Fahrige Show zwischen Performance, Revue und Lesung

Patrick Wengenroth wiederum wirkte als Regisseur und Schauspieler unter anderem an den Kammerspielen und der Schaubühne, war zudem von 2017 bis 2019 künstlerischer Leiter des Brechtfestivals. Eine gewisse Erwartungshaltung angesichts des Stoffes und der Performenden konnte man also durchaus haben, sah diese aber schnell enttäuscht.

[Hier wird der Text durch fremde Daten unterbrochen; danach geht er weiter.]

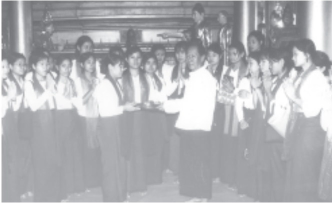
USDA excursion group members present cash donation to the funds of Seinthalyaung Pagoda in Bago to Pagoda Board of Trustees.
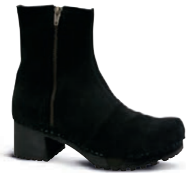
Henna Flex // 473170 // Suede 2 Black // Size 35-42
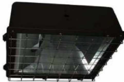
AL50 Shown with clear lens and wireguard option.

Labels: U/L, IP65 listed suitable for wet location, under covered canopy applications.
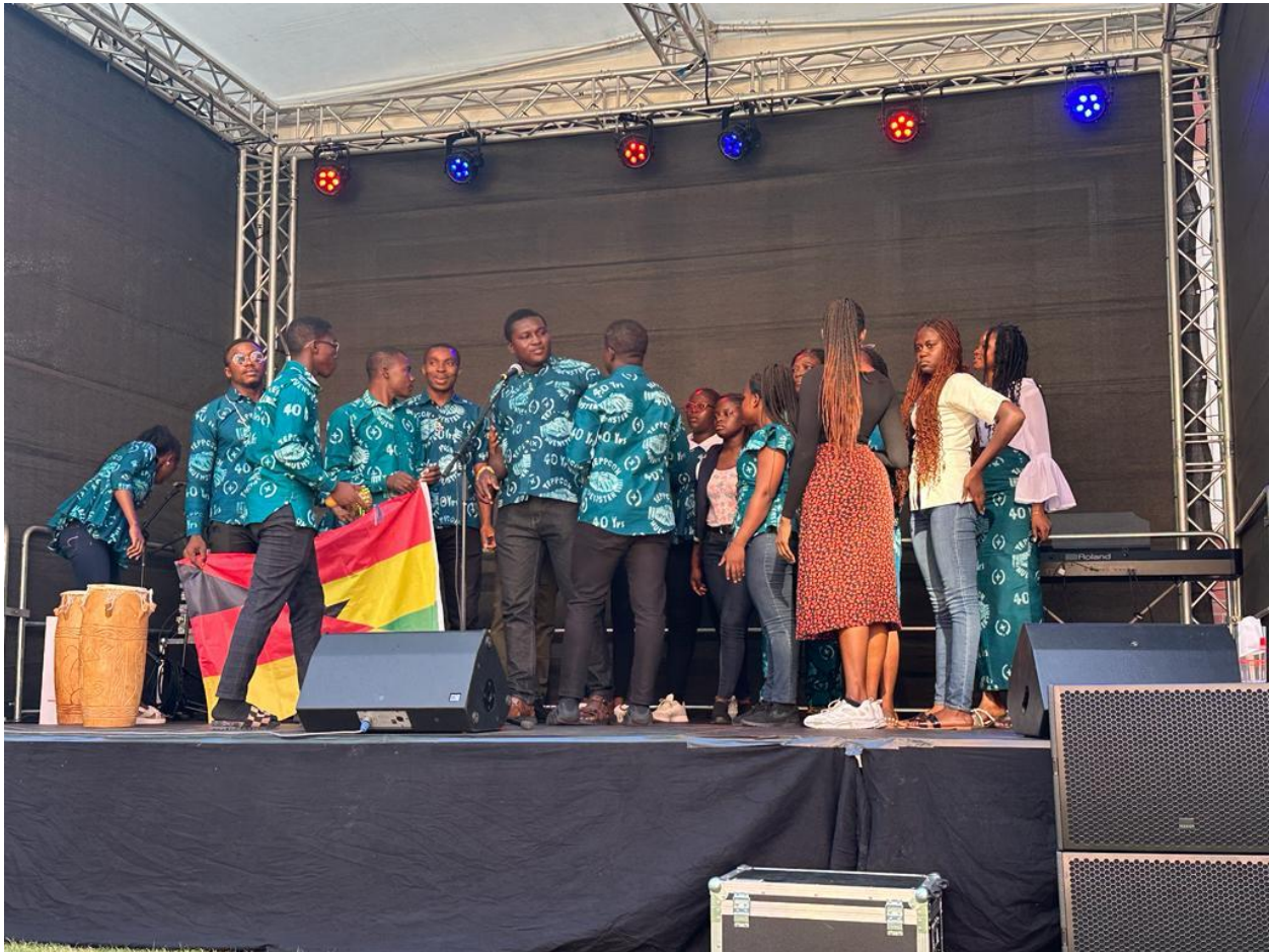
The Ghanaian University students preparing to display a cultural dance
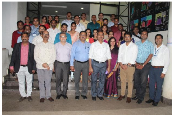
The organizing Team along with the participants
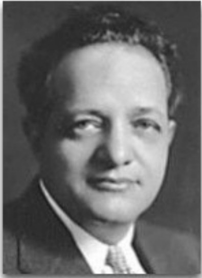
J.L. Moreno 1889-1974 Romanian, Austrian, American Psychiatrist.

“I attended one of Freud’s lectures. He had just finished an analysis of a telepathic dream. As the students filed out, he singled me out from the crowd and asked me what I was doing. I responded, ‘Well, Dr. Freud, I start where you leave off. You meet people in the artificial setting of your office. I meet them on the street and in their homes, in their natural surroundings. You analyze their dreams. I give them the courage to dream again. You analyze and tear them apart. I let them act out their conflicting roles and help them to put the parts back together again.’”
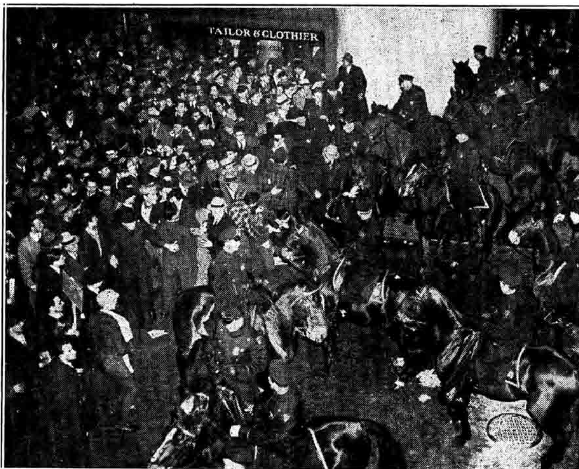
Here's how Mayor La Guardia's Cossacks protected the Fascist meeting, bottling the anti-Fascist workers in the sidestreets facing Eighth Ave. Several workers were hurt when the cops rode their horses into the crowd.
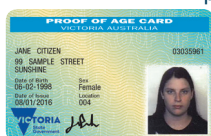
Proof of age card
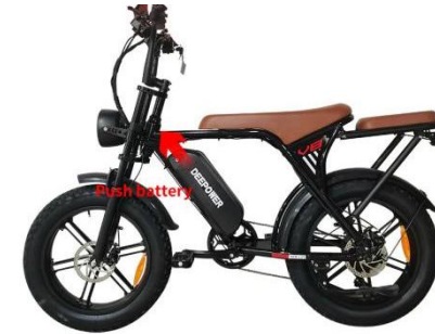
03 After unlocking the battery, push the battery upward to remove it (you need a lot of force because the battery is heavy)
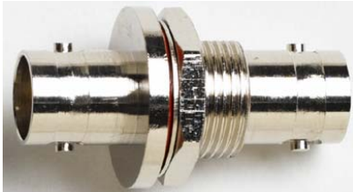
6744 BNC (F/F) Panel Mount Hermetically Sealed-75 Ω
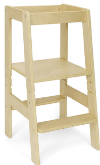
N613011 Learning Tower
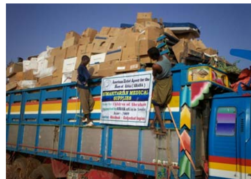
The Somalia shipments were funded by Life for Relief and Development.

Thanks to our volunteers' and donors' support, we have sent two containers to Somalia thus far in 2009. One shipment went to Abudwaq Hospital. This newly constructed hospital serves a community that has no medical facility in the city, with the nearest hospital being 120 miles away.
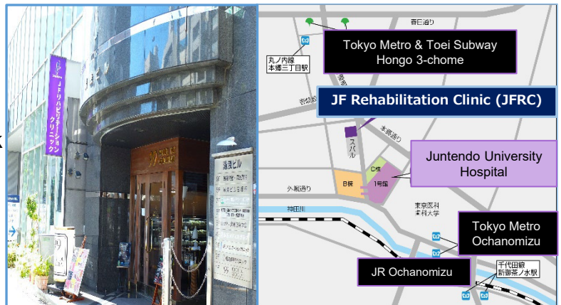
Entrance of JFRC
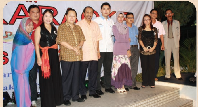
Among the contestants with the VIP guests
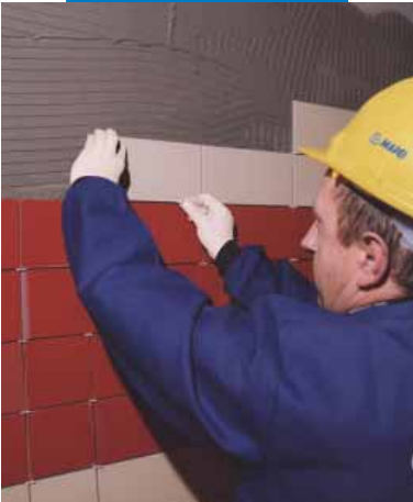
Fixing ceramic tiles on walls working from the top to the bottom

Tiling installed with Kerabond T must not be subject to washout or rain for at least 24 hours and must be protected from
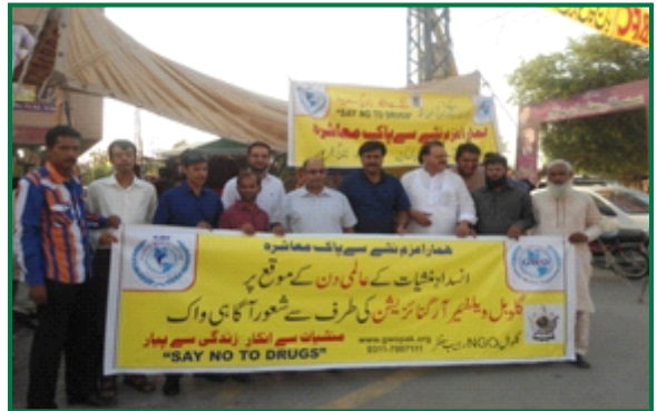
Walk held at Lahore - 26th June
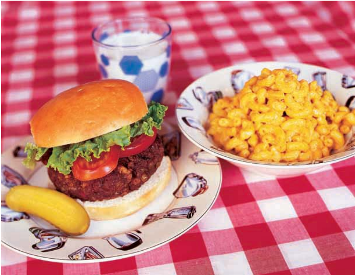
Sun-Dried Tomato and Lentil Burgers (page 155), Macaroni and Cheese (page 193).

Next page, clockwise from top: Corn Chowder (page 81), Spicy Sweet Potato Soup (page 73), Vegetable Soup with Lemon and Dill (page 79).

Denn was Wirth und Wengenroth gemeinsam mit dem Musiker Matze Kloppe auf die Pathos-Bühne bringen, ist eine fahrige Show zwischen Performance, Revue und Lesung, was dem Hin- und Hergerissensein der Autorin vielleicht entspricht, aber die Aufmerksamkeit beim Zuschauen zunehmend strapaziert.

Impro-Modus: Sind wir bei einer Durchlaufprobe dabei?

Ausgehend von einem zentral gesetzten Satz, "Für Frauen tickt immer die Uhr", werden mehrere Eier-Uhren aufgezogen, ihr Läuten durchbricht immer wieder den Spielfluss - als ständiges Alarmsignal, dass es jetzt mal altersbedingt Zeit wird mit dem Kinderkriegen.

Wirth und Wengenroth lesen die Texte oftmals von Zetteln ab, streuen mit der musikalischen Unterstützung von Matze Kloppe einnehmend schön gesungene Songs ein, wechseln die Kostüme und zeigen sich insgesamt in einem Impro-Modus, der wohl überdecken soll, dass bei dieser Premiere noch wenig sitzt. Stattdessen hat man den Eindruck, einer Durchlaufprobe beizuwohnen, bei der die Performenden ihre eigenen Befindlichkeiten immer wieder kundtun müssen.

Da meint Patrick Wengenroth etwa aus dem Stegreif, dass er jetzt gleich den drittaufregendsten Text vortragen wird, während Lucy natürlich die beiden aufregendsten hat.

Ja, und wen interessiert's? Sheila Hatis Buch, das für Frauen wie Männer erhellend ist, hätte man jedenfalls eine wesentlich konzentriertere Vermittlung im Rahmen eines durchdachten performativen Konzepts gewünscht.